Oprócz wbudowanego bloku filtrów w mikroskopie znajduje się również zewnętrzne szybkie koło (Rysunek 7). Szybkość konwersji filtra przylegającego do zewnętrznego szybkiego koła Leiki wynosi 27 ms, co pozwala na realizację szybkich eksperymentów wielokolorowych, takich jak obrazowanie wapnia w proporcjach FRET i Fura2. (ryc. 8) i in.
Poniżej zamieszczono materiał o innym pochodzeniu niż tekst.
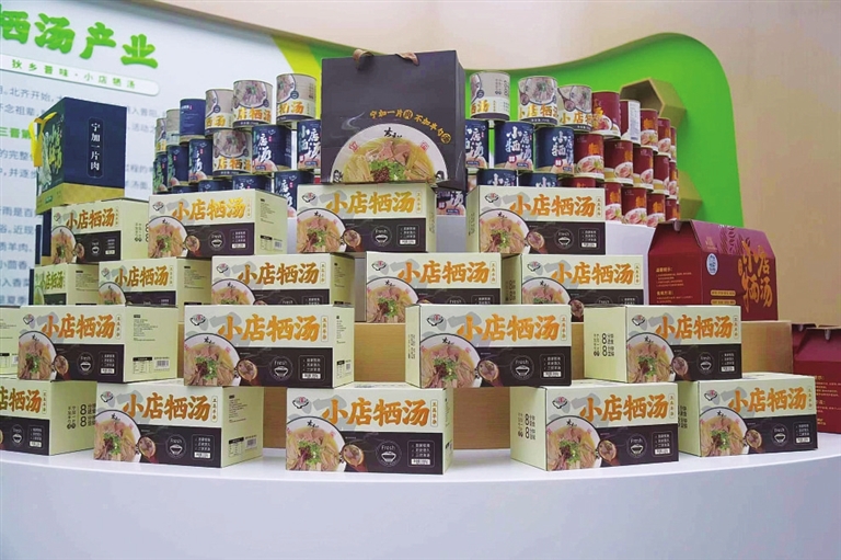 笔者看到,经过先进的技术处理,烹饪好的“小店牺汤”被装入罐中,脱水蔬菜包、酿造食醋包、粉条包等被装进密封袋里,开包加热即食。未来,“小店牺汤”将系列化发展,计划再培育开发3款本地品牌,充实风味队伍,为消费者提供更多选择。

Szeroka gama technik obrazowania mikroskopii fluorescencyjnej
Aby sprostać różnym potrzebom w zakresie obrazowania fluorescencyjnego, oprócz mikroskopów fluorescencyjnych opracowano różne rozwiązania do obrazowania w mikroskopii fluorescencyjnej:
Szerokokątne systemy obrazowania o wysokiej rozdzielczości, takie jak Leica THUNDER Imager, wykorzystują innowacyjną technologię Clearing firmy Leica do skutecznego usuwania sygnałów interferencyjnych z płaszczyzny nieogniskowej podczas obrazowania, prezentując wyraźne obrazy i zalety szybkiego obrazowania;
Konfokalny laserowy mikroskop skaningowy wykorzystuje otworki w celu wyeliminowania interferencji w płaszczyźnie nieogniskowej, realizuje przekroje optyczne i uzyskuje obrazy o wysokiej rozdzielczości i obrazy trójwymiarowe;
Mikroskopy i nanomikroskopy o bardzo wysokiej rozdzielczości, które przekraczają granicę dyfrakcji, mogą obserwować drobne struktury mniejsze niż 200 nm;
System obrazowania wielofotonowego wykorzystujący zasadę wzbudzenia wielofotonowego do obrazowania tkanki grubej i głębokiej in vivo;
Technologia obrazowania arkuszy świetlnych o wysokiej rozdzielczości czasowej i przestrzennej, dużej szybkości obrazowania, wysokiej rozdzielczości, niskiej fototoksyczności, szczególnie odpowiednia do badań nad rozwojem i dynamiczną obserwacją in vivo;
Obrazowanie czasu życia fluorescencji (FLIM), na które nie mają wpływu takie czynniki, jak stężenie substancji fluorescencyjnej, fotowybielanie, intensywność światła wzbudzenia itp., Może wykonywać bardziej dogłębne funkcjonalne i dokładne pomiary;
Spektroskopia korelacji fluorescencji (FCS) i spektroskopia korelacji krzyżowej fluorescencji (FCCS) mierzą liczbę cząsteczkową i współczynnik dyfuzji cząsteczek fluorescencyjnych, analizując w ten sposób stężenie cząsteczkowe, wielkość cząsteczkową, lepkość, ruch cząsteczkowy, wiązanie / dysocjację cząsteczkową i właściwości optyczne molekularne;
Mikroskopia fluorescencyjna całkowitego wewnętrznego odbicia (TIRF) o wyjątkowo wysokiej rozdzielczości w osi Z jest idealna do badania struktury molekularnej i dynamiki powierzchni błon komórkowych.